I have to admit, of all the horrible, awful, disgusting human beings who pollute our current media discourse, and I include the odious Andrew Malcolm, Bill O’Reilly, Steve Doocy, and the many others, if I had to say who was the worst person to ever occupy the public sphere, it would be, hands down, Piers Morgan. Here he is the other night grilling the doctors who, with their staffs, evacuated NYU after power outages, including having the nursing staff carry babies down multiple flights of stairs while manually ventilating them:
MORGAN: Andrew Rubin, you are, as I said, a V.P. of medical center, clinical affairs and affiliates. The obvious question, it seemed to me last night, remains so now, is how could a busy New York hospital have its backup generators fail when it’s had a week at least to prepare for what everyone was saying was going to be a storm of huge magnitude?
RUBIN: First, before I answer that, let me just say how proud I am to work for NYU Langone Medical Center, where we have physicians like Dr. Rudy and staff and nurses and volunteers and the New York City Fire Department and Police Department, who did an extraordinary effort in incredibly difficult circumstances, evacuating all our patients in 12 hours safely.
It is a miracle. They did a terrific job. We are a massive, huge complex. We have many generators. They are tested all the time. This was an unbelievably powerful storm. Many, many things happened that were really beyond anyone’s control. And that’s what just happened. It’s a — it’s a very unfortunate set of circumstances. But thank God we have such an incredible team of people who were able to do heroic work.
Right now, we’re assessing all of our infrastructure. Our goal is to get back online as soon as possible. Our patients, our staff, our doctors want to get back to work. So priority number one right now is assess the infrastructure. Our buildings are safe but assess the infrastructure, see what damage was done. We had ten feet of water — 12 feet of water in our basement, and get the hospital back up and running, get our doctor offices back up and running.
MORGAN: What we’re hearing is that trustees and, indeed, some board members had raised concerns about these generators. And it does seem baffling, as I say, that a New York busy hospital like this could end up having to ferry newborn babies in the middle of a hurricane up and down Manhattan, simply because a hospital like yours, with all its facilities and all its resources, couldn’t get a generator to work.
I mean, is there some big investigation going on now?
RUBIN: Well, I really didn’t come on to talk about the generators. But I can tell you that our generators, we have many. They are tested all the time and in full compliance with all federal and state regulations. And quite frankly, prudence tells us to test them all the time. Our generators were working. This was an unprecedented storm —
MORGAN: but they weren’t working, were they?
RUBIN: They failed.
MORGAN: If they failed, they’re not working, are they?
RUBIN: They started working. And then when the storm waters seeped up the river, things happen with some of the generators. It was a terribly unfortunate event.

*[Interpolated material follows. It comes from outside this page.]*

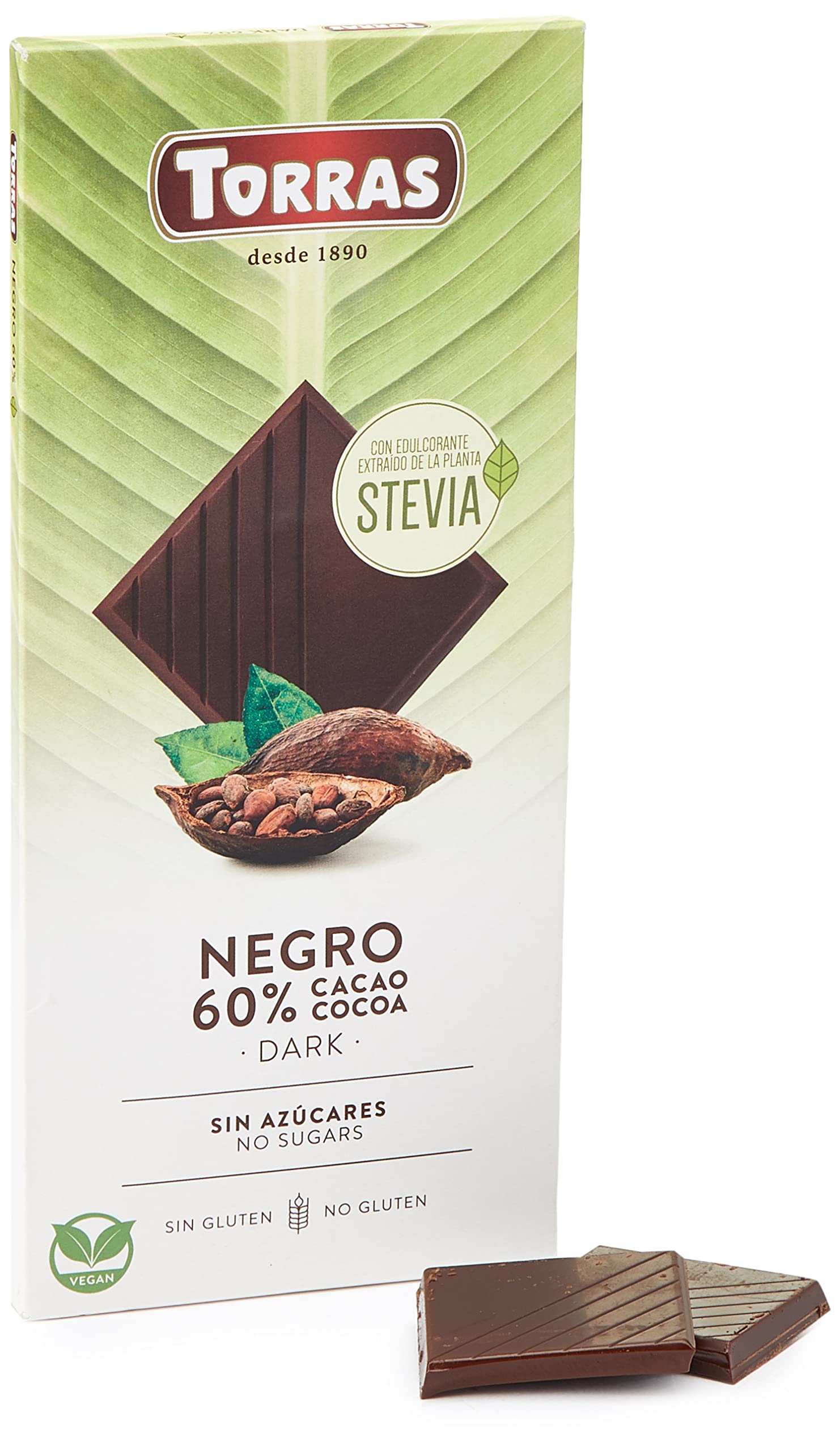 Torras Stevia Dark Chocolate Bar. Gluten-free and with no added sugar, this rich chocolate bar is suitable for diabetics and those looking to reduce their sugar intake. Sweetened with stevia. INGREDIENTS Cocoa mass: Sweeteners: Erythritol: Steviol glycosides: Cocoa butter: Inulin: Defatted cocoa powder: Soy lecithin: Vanilla flavor

But again, the focus here is we got the patients out safely. The staff did a terrific job. We’re very, very pleased with the outcome. And now we’re in recovery mode to get the medical center back up and running.

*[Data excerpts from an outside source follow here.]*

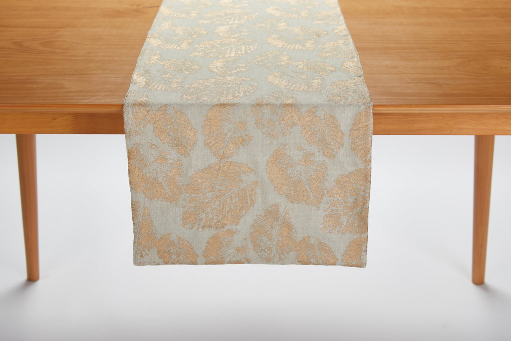 Style your table with seasonal elegance! This 100% cotton table runner is gentle to the touch and features Tableau-exclusive artwork—a shimmering pattern of gold leaves! Pair it with other items in our Glittering Gold and Holiday collections to create a festive, winter-wonderland tablescape!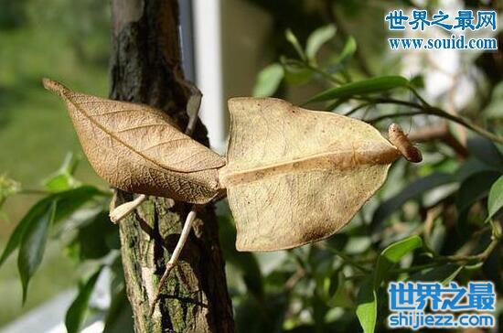 外形酷似一片枯叶。头三角形且活动自如,复眼大而明亮,触角细长,有枯叶状扩张的背板,颈可自由转动。体色棕色,有模仿枯叶的深色和浅色斑点。它的胸部恰似半片枯叶,一对翅膀收拢后,看上去就更像一片完整的枯叶。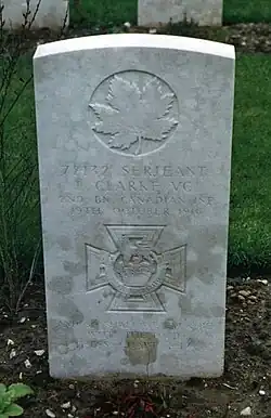 Clarke was taken to No. 1 General Hospital at Étretat but died on 19 October. He is buried in Plot II, Row C, Grave 3A, in Etretat Churchyard,[3] 16 miles north of Le Havre, France. According to a contemporary newspaper article, shortly before his death he wrote to his parents, stating: "I don't care so much for the Victoria Cross as getting home for a couple of months."

MORGAN: I understand why it’s your focus. But obviously I think the focus, I would imagine, for the mothers involved last night will be very much what the hell was going on, and why were we having to be moved because of faulty generators. The question I would want to know from the hospital, if I was involved in any way, is how do you have any confidence this won’t happen again? RUBIN: Well, again, I’m not an engineer and I’m not really here to talk about the generators. But I can tell you we have a wonderful institution, great buildings, very, very well running generators. We had an unprecedented storm with an extraordinary amount of water overtaking the city. And we had some problems with those generators.

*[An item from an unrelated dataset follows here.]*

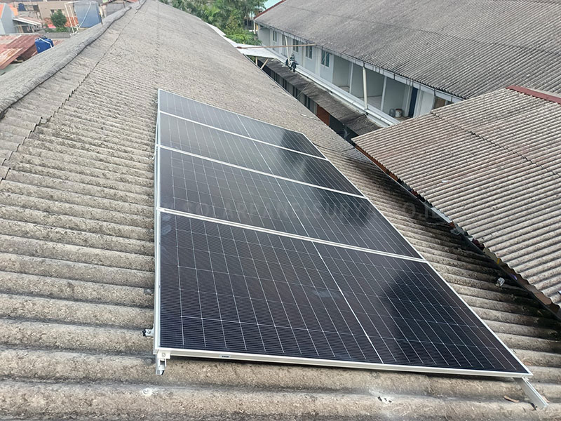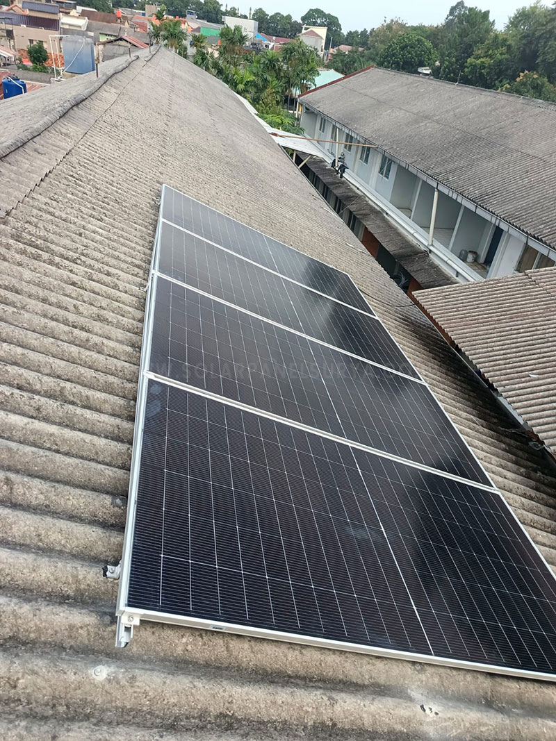 Ya, pemasangan panel surya dilakukan menggunakan rangka khusus yang dirancang agar aman dan tidak merusak struktur atap bangunan.

Mind you, these doctors came on to talk about the heroic action of their staff, but, that’s right, he spent the bulk of the interview berating two physicians about… power generators. Because everyone who has ever been to a hospital knows that pediatricians are in charge of physical operations. And even though they aren’t in charge of that, they tried to answer him, and he wouldn’t accept their response. He simply refused to recognize that the backup generators worked until they got submerged by a tidal surge. It’s almost as if he is so fucking stupid and worthless he doesn’t recognize that when horrible natural events happen, sometimes even back-up plans fail.
And by the way, the five minutes he spent grilling those physicians and the generators and other shit beyond their control, well, suffice it to say, that is five minutes more than he has ever used his CNN platform to discuss his role on the News of the World/Murdoch wiretapping scandals. After all, he was only editor in chief, so how was he supposed to know anything. Unlike those fucking pediatricians, who should know all about the generators at NYU.
I would vote for Mitt Romney if he found a way to make this limey douchebag self-deport.
He is now, at this very moment, flaming Con-Ed for not having the power on quick enough. Can we put Morgan and Sullivan in a pod and launch them back to Liverpool?